This is more maintainable and follows Click's recommended testing patterns. The CliRunner handles all stream capture and restoration automatically.

5. Missing Test: Warnings Display in Verbose Mode

Location: src/pflow/cli/main.py:2126-2128

# Warnings are non-blocking, just display them in verbose mode
if warnings and output_format != "json" and verbose:
    for warning in warnings:
        click.echo(f"⚠️  {warning}", err=True)

Issue: This code path is not tested. The test file has 5 tests, but none verify that warnings are displayed correctly in verbose mode.

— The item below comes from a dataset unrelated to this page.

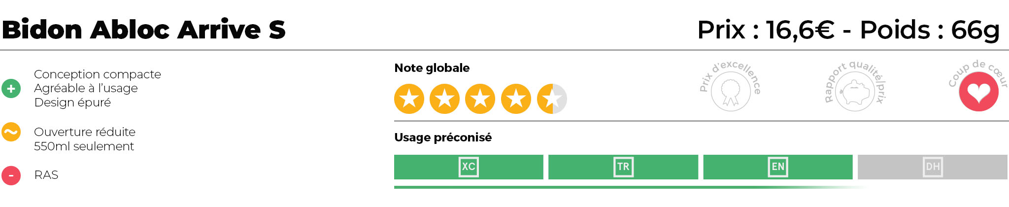 Le Abloc Arrive S est donc une bonne solution pour ceux qui doivent composer avec un cadre étriqué, ou tout simplement pour le pilote qui recherche un bidon au design sobre et épuré qui ne dénaturera pas l’esthétique de son vélo. Cerise sur le gâteau, il s’agit d’un bidon très agréable à l’usage, à défaut d’être généreux en terme de volume embarqué.

Recommendation: Add a test case:

def test_warnings_displayed_in_verbose_mode(self, tmp_path: Path) -> None:
    """Warnings should be shown in verbose mode."""
    # Create workflow that triggers a warning (e.g., runtime-validated template)
    workflow = {...}
    
    result = invoke_cli(["--verbose", str(workflow_path)])
    
    assert result.exit_code == 0
    assert "⚠️" in result.stderr  # Verify warning is shown

6. Inconsistent Comment Style

Location: src/pflow/cli/main.py:2171-2174

# Validate before execution (if not using auto-repair)
# Auto-repair mode handles validation inside execute_workflow() with repair capability
if not auto_repair:
    _validate_before_execution(ctx, ir_data, enhanced_params, output_format, verbose, metrics_collector)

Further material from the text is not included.